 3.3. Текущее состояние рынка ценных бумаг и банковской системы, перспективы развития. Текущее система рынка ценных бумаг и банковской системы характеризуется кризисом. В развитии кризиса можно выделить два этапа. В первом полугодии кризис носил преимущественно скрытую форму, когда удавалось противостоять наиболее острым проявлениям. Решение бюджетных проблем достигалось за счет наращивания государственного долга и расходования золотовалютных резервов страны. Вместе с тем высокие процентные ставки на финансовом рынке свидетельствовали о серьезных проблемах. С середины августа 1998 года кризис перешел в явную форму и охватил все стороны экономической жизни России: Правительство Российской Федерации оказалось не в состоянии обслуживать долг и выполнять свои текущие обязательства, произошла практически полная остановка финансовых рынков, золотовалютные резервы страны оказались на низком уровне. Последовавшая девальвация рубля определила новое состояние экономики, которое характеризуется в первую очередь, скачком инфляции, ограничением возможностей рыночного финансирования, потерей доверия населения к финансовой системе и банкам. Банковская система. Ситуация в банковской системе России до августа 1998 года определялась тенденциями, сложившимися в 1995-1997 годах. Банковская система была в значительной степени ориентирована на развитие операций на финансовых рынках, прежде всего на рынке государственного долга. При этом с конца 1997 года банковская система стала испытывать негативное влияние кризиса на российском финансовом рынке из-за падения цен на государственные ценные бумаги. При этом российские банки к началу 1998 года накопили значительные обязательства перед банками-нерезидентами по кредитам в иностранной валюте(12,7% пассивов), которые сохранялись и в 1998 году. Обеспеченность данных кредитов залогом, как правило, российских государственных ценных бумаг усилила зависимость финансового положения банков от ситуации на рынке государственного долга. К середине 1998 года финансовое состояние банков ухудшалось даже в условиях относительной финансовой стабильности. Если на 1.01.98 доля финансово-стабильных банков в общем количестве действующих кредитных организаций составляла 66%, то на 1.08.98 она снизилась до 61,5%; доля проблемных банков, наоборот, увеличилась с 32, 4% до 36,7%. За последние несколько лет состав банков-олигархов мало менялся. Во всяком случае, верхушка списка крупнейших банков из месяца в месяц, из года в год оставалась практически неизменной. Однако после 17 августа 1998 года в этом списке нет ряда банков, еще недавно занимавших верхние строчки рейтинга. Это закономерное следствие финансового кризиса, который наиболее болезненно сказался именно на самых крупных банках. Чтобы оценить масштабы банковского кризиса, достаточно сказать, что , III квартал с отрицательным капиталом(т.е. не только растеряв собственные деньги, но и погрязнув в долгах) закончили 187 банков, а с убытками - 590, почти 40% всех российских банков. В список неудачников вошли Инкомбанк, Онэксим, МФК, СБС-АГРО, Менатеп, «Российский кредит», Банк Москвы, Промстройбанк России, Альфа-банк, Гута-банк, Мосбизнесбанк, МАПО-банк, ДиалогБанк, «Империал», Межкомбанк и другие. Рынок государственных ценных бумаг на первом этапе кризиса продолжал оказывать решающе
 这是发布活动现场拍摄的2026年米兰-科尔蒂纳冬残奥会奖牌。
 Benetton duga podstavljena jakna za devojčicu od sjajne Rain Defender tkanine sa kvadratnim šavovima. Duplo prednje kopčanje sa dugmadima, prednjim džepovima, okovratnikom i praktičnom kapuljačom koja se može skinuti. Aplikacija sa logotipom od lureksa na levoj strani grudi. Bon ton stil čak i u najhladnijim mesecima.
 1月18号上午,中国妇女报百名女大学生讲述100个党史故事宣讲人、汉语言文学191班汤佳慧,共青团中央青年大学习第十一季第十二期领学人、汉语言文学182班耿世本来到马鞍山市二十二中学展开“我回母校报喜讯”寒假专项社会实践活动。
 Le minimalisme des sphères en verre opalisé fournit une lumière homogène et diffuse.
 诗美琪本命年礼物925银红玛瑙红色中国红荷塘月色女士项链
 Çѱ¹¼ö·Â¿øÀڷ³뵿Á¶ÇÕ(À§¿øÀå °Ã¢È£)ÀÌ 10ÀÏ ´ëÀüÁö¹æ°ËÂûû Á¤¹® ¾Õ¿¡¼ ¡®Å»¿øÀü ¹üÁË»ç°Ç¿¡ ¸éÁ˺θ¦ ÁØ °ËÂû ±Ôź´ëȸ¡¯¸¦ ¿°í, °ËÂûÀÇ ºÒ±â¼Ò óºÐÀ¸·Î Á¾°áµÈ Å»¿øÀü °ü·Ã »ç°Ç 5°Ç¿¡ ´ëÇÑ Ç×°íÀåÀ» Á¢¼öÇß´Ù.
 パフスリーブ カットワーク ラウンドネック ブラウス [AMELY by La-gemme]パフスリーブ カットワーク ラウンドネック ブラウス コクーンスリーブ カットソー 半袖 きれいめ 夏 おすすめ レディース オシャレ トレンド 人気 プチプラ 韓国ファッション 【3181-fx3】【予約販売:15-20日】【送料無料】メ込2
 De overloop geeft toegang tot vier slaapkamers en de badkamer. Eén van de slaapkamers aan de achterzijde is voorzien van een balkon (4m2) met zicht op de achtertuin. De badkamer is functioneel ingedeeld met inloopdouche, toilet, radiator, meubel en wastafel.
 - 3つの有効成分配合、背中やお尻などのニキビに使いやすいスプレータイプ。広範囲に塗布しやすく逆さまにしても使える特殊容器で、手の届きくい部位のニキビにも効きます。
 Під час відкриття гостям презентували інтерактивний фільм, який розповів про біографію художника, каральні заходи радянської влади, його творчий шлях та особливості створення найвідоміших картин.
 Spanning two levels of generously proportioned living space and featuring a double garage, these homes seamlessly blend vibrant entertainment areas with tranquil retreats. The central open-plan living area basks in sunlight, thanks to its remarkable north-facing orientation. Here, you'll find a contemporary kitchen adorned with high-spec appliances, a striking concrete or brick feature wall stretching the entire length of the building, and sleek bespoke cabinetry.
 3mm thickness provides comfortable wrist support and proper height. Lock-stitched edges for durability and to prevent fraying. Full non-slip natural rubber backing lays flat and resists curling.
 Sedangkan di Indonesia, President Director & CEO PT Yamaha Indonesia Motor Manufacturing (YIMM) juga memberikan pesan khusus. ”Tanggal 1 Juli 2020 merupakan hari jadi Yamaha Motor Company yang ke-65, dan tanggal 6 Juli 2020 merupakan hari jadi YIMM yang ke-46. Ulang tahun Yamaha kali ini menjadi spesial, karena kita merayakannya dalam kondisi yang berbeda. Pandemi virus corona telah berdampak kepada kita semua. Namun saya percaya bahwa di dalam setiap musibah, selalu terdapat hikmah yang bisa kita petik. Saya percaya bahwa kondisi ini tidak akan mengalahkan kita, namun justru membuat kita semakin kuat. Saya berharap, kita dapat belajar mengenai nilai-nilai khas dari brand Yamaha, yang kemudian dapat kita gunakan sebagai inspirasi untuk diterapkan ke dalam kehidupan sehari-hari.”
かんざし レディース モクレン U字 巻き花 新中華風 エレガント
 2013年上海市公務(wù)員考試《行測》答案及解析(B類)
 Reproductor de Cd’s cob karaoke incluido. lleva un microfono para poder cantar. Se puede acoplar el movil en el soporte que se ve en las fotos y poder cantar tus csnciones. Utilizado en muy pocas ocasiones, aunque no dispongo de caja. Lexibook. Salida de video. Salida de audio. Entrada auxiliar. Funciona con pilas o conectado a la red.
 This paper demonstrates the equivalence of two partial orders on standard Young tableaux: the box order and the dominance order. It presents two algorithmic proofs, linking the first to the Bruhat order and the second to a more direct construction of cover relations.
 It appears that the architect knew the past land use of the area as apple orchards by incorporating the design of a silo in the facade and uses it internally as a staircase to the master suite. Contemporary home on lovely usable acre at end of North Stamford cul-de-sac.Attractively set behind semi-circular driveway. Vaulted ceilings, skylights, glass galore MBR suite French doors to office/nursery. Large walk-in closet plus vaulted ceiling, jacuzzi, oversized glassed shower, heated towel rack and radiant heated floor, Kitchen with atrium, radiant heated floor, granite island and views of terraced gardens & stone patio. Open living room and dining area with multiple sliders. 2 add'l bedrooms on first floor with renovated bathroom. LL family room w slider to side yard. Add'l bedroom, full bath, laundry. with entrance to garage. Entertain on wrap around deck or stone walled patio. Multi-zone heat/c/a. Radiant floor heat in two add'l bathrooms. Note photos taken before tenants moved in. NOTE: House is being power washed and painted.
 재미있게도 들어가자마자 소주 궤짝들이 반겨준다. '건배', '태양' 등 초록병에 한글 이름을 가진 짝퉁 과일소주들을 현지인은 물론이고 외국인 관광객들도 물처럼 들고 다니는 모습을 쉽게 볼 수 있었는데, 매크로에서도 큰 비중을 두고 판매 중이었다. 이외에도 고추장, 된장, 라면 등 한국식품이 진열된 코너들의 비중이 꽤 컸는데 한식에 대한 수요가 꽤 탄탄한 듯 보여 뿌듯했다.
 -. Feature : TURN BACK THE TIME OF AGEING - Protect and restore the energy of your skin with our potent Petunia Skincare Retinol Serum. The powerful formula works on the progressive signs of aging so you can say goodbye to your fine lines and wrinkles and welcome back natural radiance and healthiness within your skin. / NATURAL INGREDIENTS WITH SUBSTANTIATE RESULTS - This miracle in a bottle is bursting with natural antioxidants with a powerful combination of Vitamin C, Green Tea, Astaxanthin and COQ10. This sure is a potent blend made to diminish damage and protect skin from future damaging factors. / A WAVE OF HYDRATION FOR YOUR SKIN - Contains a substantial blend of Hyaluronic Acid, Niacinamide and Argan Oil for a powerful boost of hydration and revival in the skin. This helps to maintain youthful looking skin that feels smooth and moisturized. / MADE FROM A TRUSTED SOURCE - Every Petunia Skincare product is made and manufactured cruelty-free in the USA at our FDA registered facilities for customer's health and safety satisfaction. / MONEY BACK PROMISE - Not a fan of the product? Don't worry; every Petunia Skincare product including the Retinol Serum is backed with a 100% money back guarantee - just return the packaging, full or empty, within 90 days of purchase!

____

**About this task**. Only one stretch of the entries above is wanted: the lines from the one containing "1月18号上午,中国妇女报百" through the one containing "Çѱ¹¼ö·Â¿øÀڷ³뵿Á¶ÇÕ(À§¿øÀå °Ã¢È£)ÀÌ 10ÀÏ". Please reproduce it exactly.

**Response area**.
 1月18号上午,中国妇女报百名女大学生讲述100个党史故事宣讲人、汉语言文学191班汤佳慧,共青团中央青年大学习第十一季第十二期领学人、汉语言文学182班耿世本来到马鞍山市二十二中学展开“我回母校报喜讯”寒假专项社会实践活动。
 Le minimalisme des sphères en verre opalisé fournit une lumière homogène et diffuse.
 诗美琪本命年礼物925银红玛瑙红色中国红荷塘月色女士项链
 Çѱ¹¼ö·Â¿øÀڷ³뵿Á¶ÇÕ(À§¿øÀå °Ã¢È£)ÀÌ 10ÀÏ ´ëÀüÁö¹æ°ËÂûû Á¤¹® ¾Õ¿¡¼ ¡®Å»¿øÀü ¹üÁË»ç°Ç¿¡ ¸éÁ˺θ¦ ÁØ °ËÂû ±Ôź´ëȸ¡¯¸¦ ¿°í, °ËÂûÀÇ ºÒ±â¼Ò óºÐÀ¸·Î Á¾°áµÈ Å»¿øÀü °ü·Ã »ç°Ç 5°Ç¿¡ ´ëÇÑ Ç×°íÀåÀ» Á¢¼öÇß´Ù.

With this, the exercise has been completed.